Der Müller hatte sich der bewaffneten Menge angeschlossen, wollte er bei seinen Leuten doch nicht als Feigling gelten. Er hielt sich aber im Hintergrund, beobachtete und merkte sich die Namen der Anführer.
Fast einen Monat sah es so aus, als würde sich für die Menschen einiges zum Besseren wenden.
Doch plötzlich verkündeten Boten des Fürsten überall, dass es sich der Herr anders überlegt hätte. Er nähme alle gemachten Zugeständnisse zurück.
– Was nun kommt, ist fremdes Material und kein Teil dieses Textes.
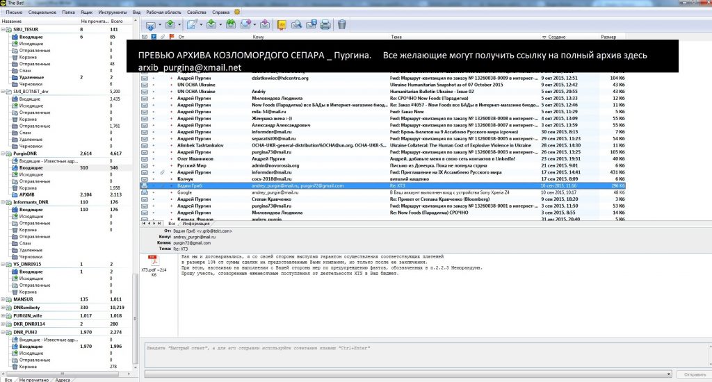 Хакеры слили в интернет архив электронной переписки бывшего спикера так называемого «Народного совета ДНР» Андрея Пургина. В нем содержится внутренняя документация «ДНР», к которой имеет доступ Пургин, банковские платежные поручения, служебные записки лидеров самопровозглашенной республики и оперативные данные с мест проведения военных действий.
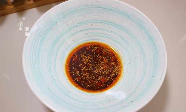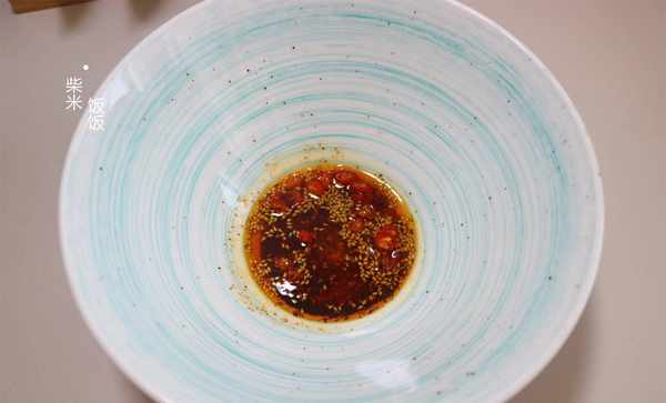 1,大碗中加入1勺辣椒粉、少許五香粉、白芝麻、紅辣椒,澆入滾燙的熱油激發出香味。
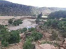 Evidence given by Italian aerial photographs of the catchment, taken in the 1930s show that 55% of the catchment was covered with woody vegetation (against 35% in 2014).[5] Up to the 1980s, there was strong pressure on the environment, and much vegetation disappeared.[6] This river had its greatest discharges and width in that period. The magnitude of floods in this river has however been decreased in recent years due to interventions in the catchment. At Addi Meles, Kidmi Gestet, May Hib'o, Gemgema, May Be'ati and on other steep slopes, exclosures have been established; the dense vegetation largely contributes to enhanced infiltration, less flooding and better baseflow.[7] Physical conservation structures such as stone bunds[8][9] and check dams also intercept runoff.[10][11]

Das wollten sich die Leute nicht gefallen lassen, erfuhr der Müller und meldete sich auf der Rentkammer zum Rapport. Natürlich hatte er sich zuvor vergewissert, dass ihn niemand beobachtete, und für sein Vorhaben die Dunkelheit abgewartet.
„Was gibt es, Müller?“, empfing ihn der Beamte, der ihm seinerzeit das Angebot gemacht hatte.
Der Müller berichtete über die Empörung der Bauern und Handwerker nach der Rücknahme der Zugeständnisse durch seine Durchlaucht, wie er sich untertänigst ausdrückte. Es entstehe Unruhe. Man würde erneut anrücken.
„Nenne Namen“, forderte ihn der Mann auf. Da wurde der Müller zum Verräter seiner eigenen Leute.
Dieses Mal war der Fürst gut vorbereitet, kannte er doch jetzt die Namen der Anführer, und das Militär war auf dem Weg.
Plötzlich überkamen den Müller Zweifel ob seines Verrats. Er hielt es zuhause nicht mehr aus, machte sich davon in den tiefen Wald. Auf einmal vernahm er ganz in seiner Nähe ein klägliches Jammern.
Zufällig befand sich der Müller in der Nähe einer Tierfalle, die er vor einiger Zeit dort aufgestellt hatte. Als er ankam, gewahrte er einen Keiler, der in der Falle festsaß.
Der Müller hielt Ausschau und fand auch sogleich einen kräftigen Knüppel, mit dem er den Schwarzkittel erschlagen konnte.
Den Knüppel zum Schlag erhoben, stand er vor dem Tier. In Gedanken schon sah er sich mit den Seinen vor dem Festmahl um den Tisch sitzen.
„Tu´s nicht“, sprach da auf einmal das Wildschwein, „du hast einen Wunsch frei, wenn du mir das Leben lässt.“
Der Müller hielt inne: „Wieso nur einen, sonst hat man doch immer drei Wünsche frei?“
„Bitte, nimm mit einem Wunsch vorlieb, mehr vermag ich dir nicht zu gewähren.“
Drei Wünsche, da hätte der Müller nicht lange zu überlegen brauchen. Ein neues großes Haus und einen Bach, der immer genug Wasser führt. Ja, und der dritte Wunsch?, überlegte er.
Auf einmal ward sich der Müller der ganzen Tragweite seines Verrats bewusst, viele von Seinesgleichen würden beim nächsten Mal sterben müssen, nur weil er seine eigene Haut gerettet hatte. Er ließ den Knüppel sinken, setzte sich vor seinen Gefangenen und weinte bitterlich.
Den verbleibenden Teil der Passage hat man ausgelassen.